Listed entries:
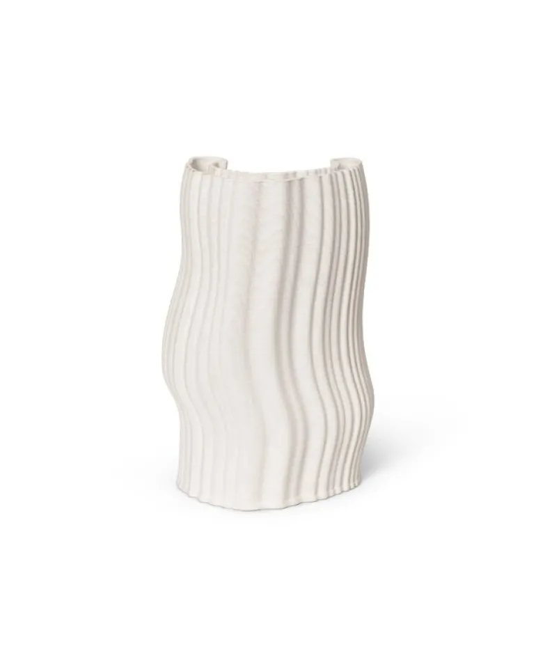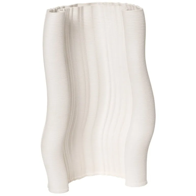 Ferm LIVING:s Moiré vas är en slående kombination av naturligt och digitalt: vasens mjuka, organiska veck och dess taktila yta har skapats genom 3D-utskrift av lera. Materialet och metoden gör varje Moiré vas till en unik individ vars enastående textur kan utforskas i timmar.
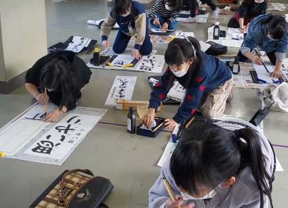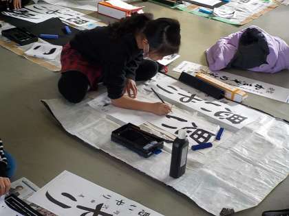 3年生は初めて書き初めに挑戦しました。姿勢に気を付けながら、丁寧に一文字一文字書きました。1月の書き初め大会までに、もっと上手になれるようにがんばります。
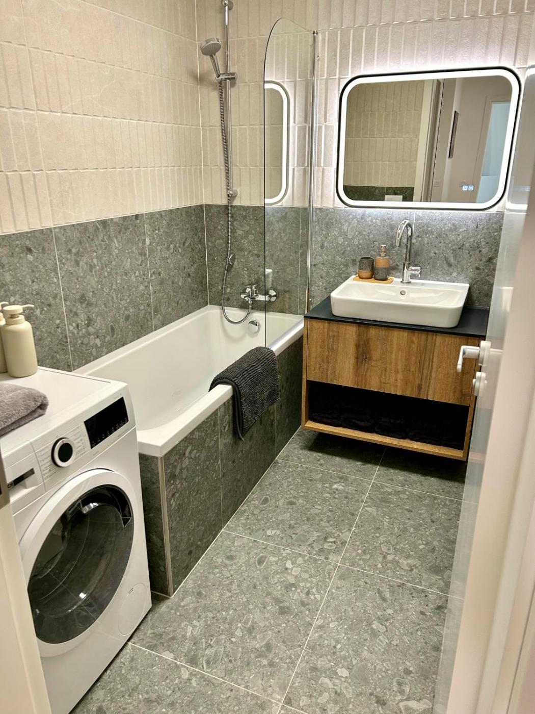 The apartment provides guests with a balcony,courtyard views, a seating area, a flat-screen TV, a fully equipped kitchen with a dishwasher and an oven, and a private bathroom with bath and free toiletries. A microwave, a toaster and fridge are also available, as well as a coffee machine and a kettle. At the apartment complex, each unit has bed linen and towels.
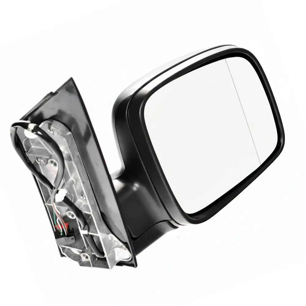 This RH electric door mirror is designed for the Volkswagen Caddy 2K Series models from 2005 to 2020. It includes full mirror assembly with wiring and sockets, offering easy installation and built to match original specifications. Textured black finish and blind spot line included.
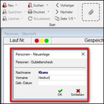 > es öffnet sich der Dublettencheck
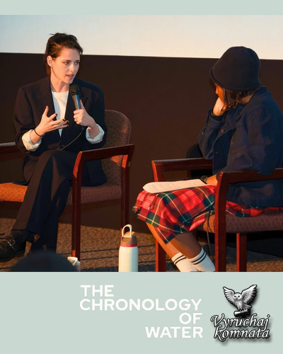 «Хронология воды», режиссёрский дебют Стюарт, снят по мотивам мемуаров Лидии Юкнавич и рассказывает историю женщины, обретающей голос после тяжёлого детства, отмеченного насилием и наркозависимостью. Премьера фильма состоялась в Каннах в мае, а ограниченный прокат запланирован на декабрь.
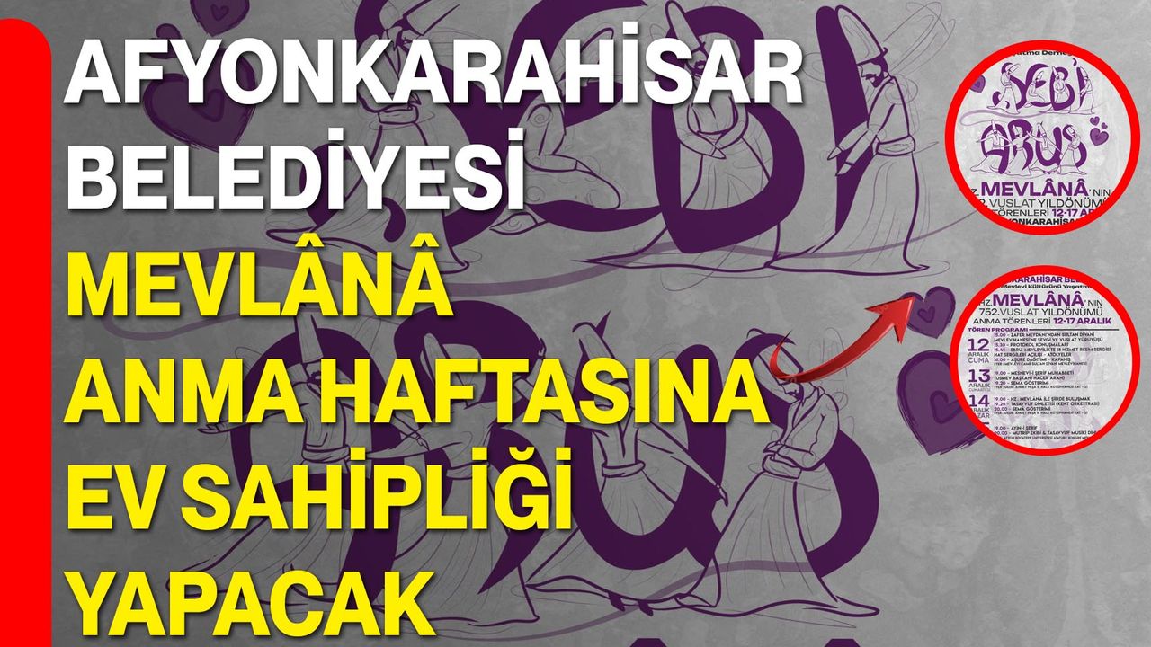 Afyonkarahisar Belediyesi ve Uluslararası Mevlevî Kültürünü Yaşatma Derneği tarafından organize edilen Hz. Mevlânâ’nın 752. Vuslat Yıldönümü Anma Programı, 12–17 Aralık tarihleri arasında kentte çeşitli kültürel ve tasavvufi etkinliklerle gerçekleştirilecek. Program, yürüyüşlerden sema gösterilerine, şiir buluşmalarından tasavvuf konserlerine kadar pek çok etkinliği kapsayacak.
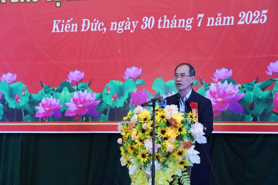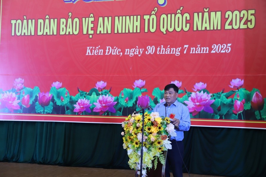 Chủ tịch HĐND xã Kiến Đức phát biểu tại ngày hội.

Instructions to follow: Please write out only the material above, exactly, from its first line through the line that contains "The apartment provides", and include no pictures.

Exercise output:
 Ferm LIVING:s Moiré vas är en slående kombination av naturligt och digitalt: vasens mjuka, organiska veck och dess taktila yta har skapats genom 3D-utskrift av lera. Materialet och metoden gör varje Moiré vas till en unik individ vars enastående textur kan utforskas i timmar.
 3年生は初めて書き初めに挑戦しました。姿勢に気を付けながら、丁寧に一文字一文字書きました。1月の書き初め大会までに、もっと上手になれるようにがんばります。
 The apartment provides guests with a balcony,courtyard views, a seating area, a flat-screen TV, a fully equipped kitchen with a dishwasher and an oven, and a private bathroom with bath and free toiletries. A microwave, a toaster and fridge are also available, as well as a coffee machine and a kettle. At the apartment complex, each unit has bed linen and towels.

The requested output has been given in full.